Seneca was too busy trying to salvage the situation in his head to answer. The two needed medical treatment; he had noticed that the girl seemed to have lost the hearing in one ear. Maybe she could die under treatment and they'd be rid of her that way.
But before he could verbalize the thought, he received a message from the President, depriving him of his post and inviting him to dinner.
0-0-0-0
At the end of an epoch-making day, Cressida met with two men: Plutarch Heavensbee, one of the Gamesmasters, and Caesar Flickerman, TV interviewer.
"I did it," said Cressida. "I kept Seneca from killing Katniss several times, though it wouldn't have worked if the girl herself hadn't been so resourceful. And since Seneca kept his love life private and didn't give me credit for 'his' ideas, nobody suspects I was involved."
"Good work, Cressida," said Plutarch. "Though I'm sorry you had to consort with him."

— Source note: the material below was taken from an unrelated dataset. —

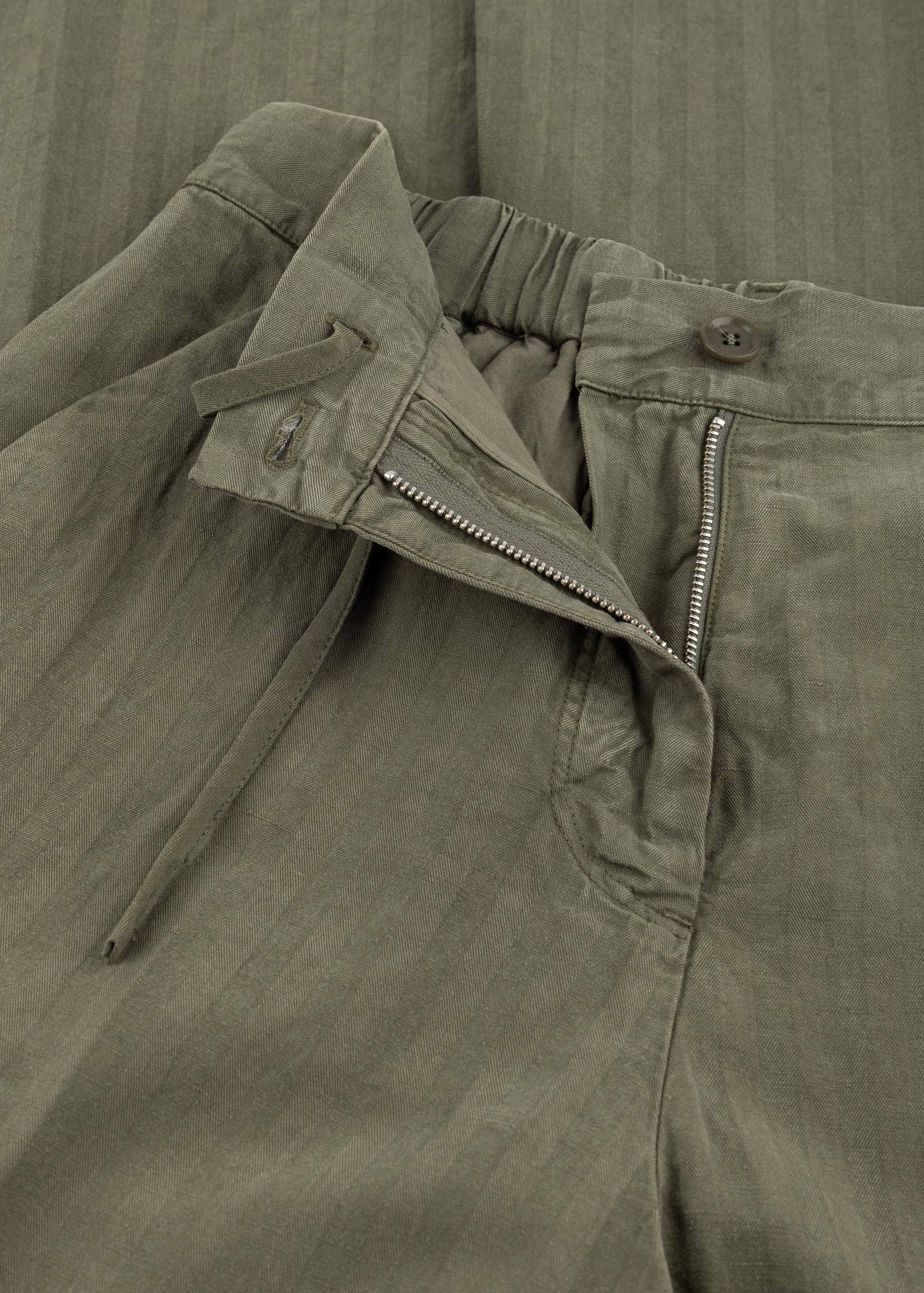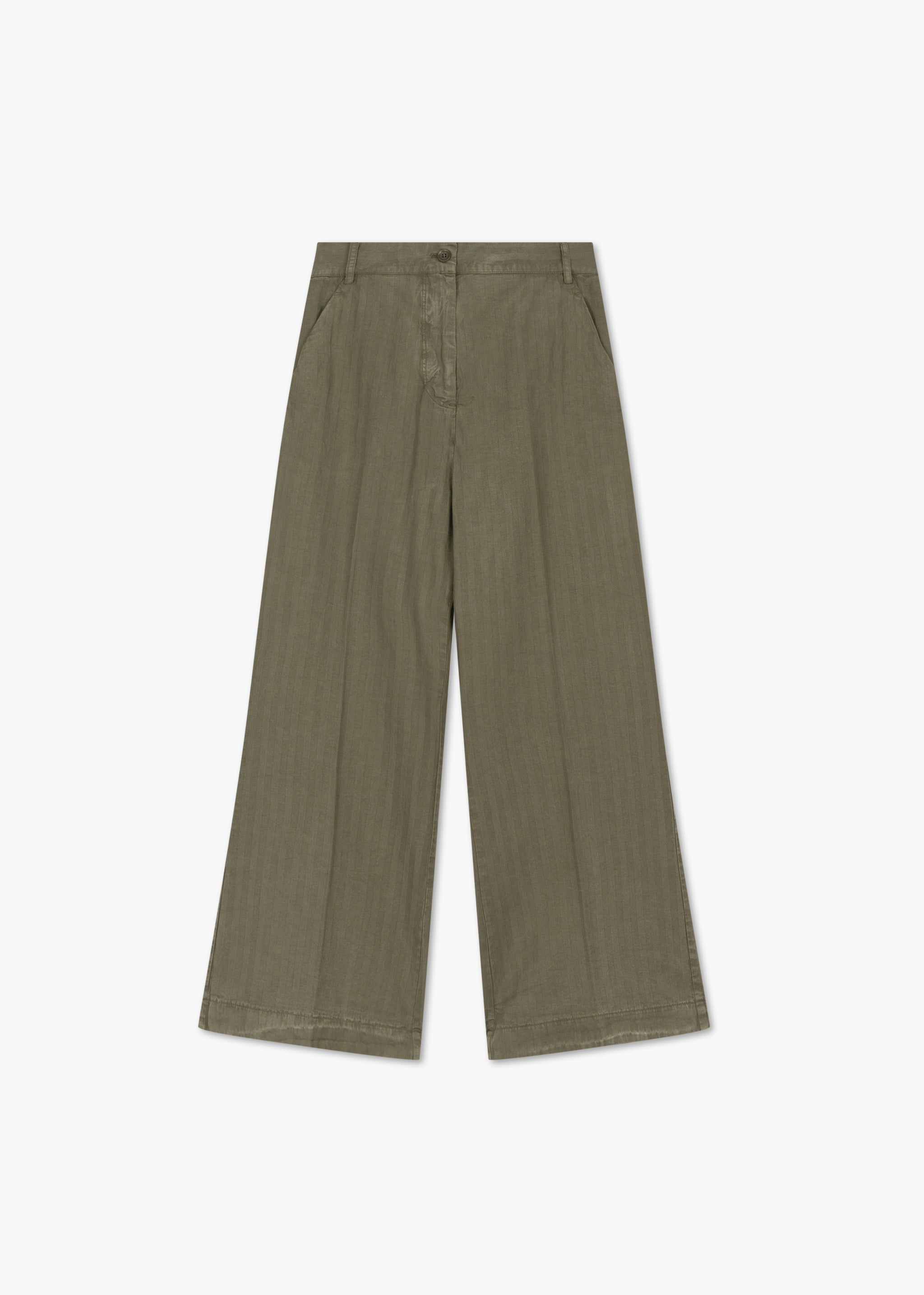 Ankle-length trousers, belt loops, elasticated waistband with drawstring, button and zip fastening, creases, side pockets, back pockets, wide leg, mid-rise waist.
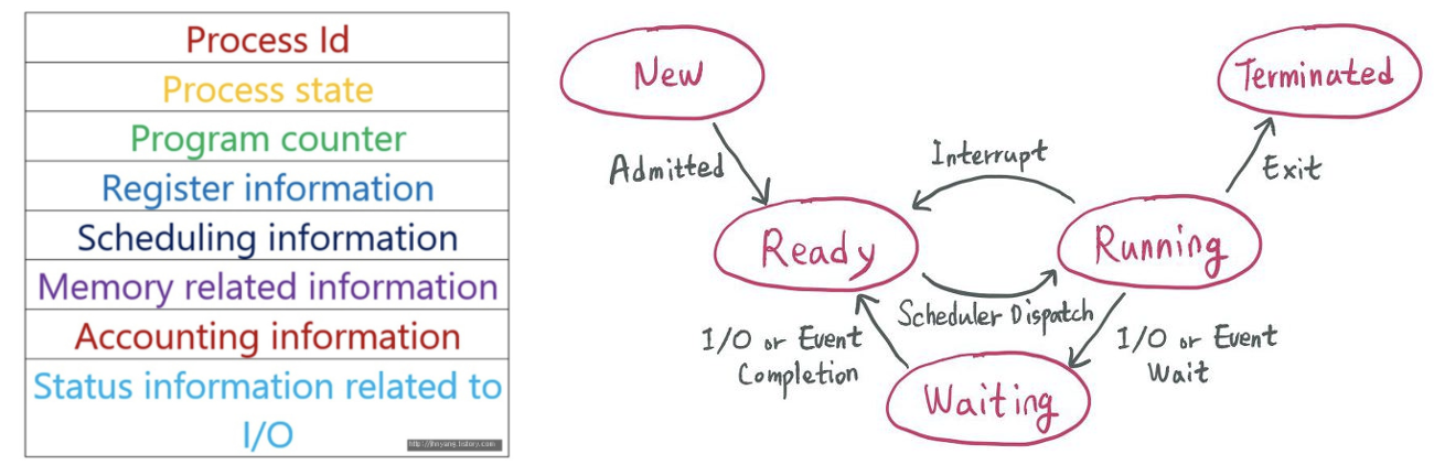 또한 Accounting information에는 프로세스를 처리하고 있는 CPU의 사용시간, 실제 사용된 시간 등이 담겨있으며 Status information related to I/O는 입출력 상태 정보를 가지고 있습니다. 프로세스에 할당된 입출력장치의 목록이나 열린 파일 목록 등을 저장하고 있죠.

"Don't worry. He WAS good in bed, and I'm not an idealist on the subject of sex. The important thing is, now we have a new kind of hero. Somebody who became heroic not by killing her competitors, but by defying the Rules of the Games. Being willing to sacrifice herself for her sister, for Rue, for Peeta. Everybody knows now, that Snow tried to go back on his word, and a 'mere' peasant girl called him on it."
"For me, this is a dream come true," said Caesar. He still looked like a clown, with dyed hair and heavy makeup, but his face was filled with true joy. "For years I've been trying to get the audience to feel for the Tributes, and failed. But two kids from an obscure District, and that crazy mentor of theirs, turned the trick. I don't think the Capitol people will be so callous about the Games again."
"Do you think we'll have Games again?" asked Cressida.
"I'm afraid so," said Plutarch. "Snow will insist on it. They've already offered me the position of the next Head Gamesmaster. But I think it will have much less popular support next year. Maybe, next time, we will be the ones to write the Rules of the Game."
THE END
(NOTE: The notion that Caesar was a secret rebel trying to raise sympathy for the Tributes is from a previous story I wrote, THOSE ABOUT TO DIE. The idea that the Careers are trained to maintain their alliance until the number of Tributes drops below an agreed-upon value, is from another story, ESPRIT DE CORPSE)
(NOTE: This is based on a mixture of the book and movie. Seneca is from the movie, but I departed from the implication that Heymitch suggested the double-victor rule to him).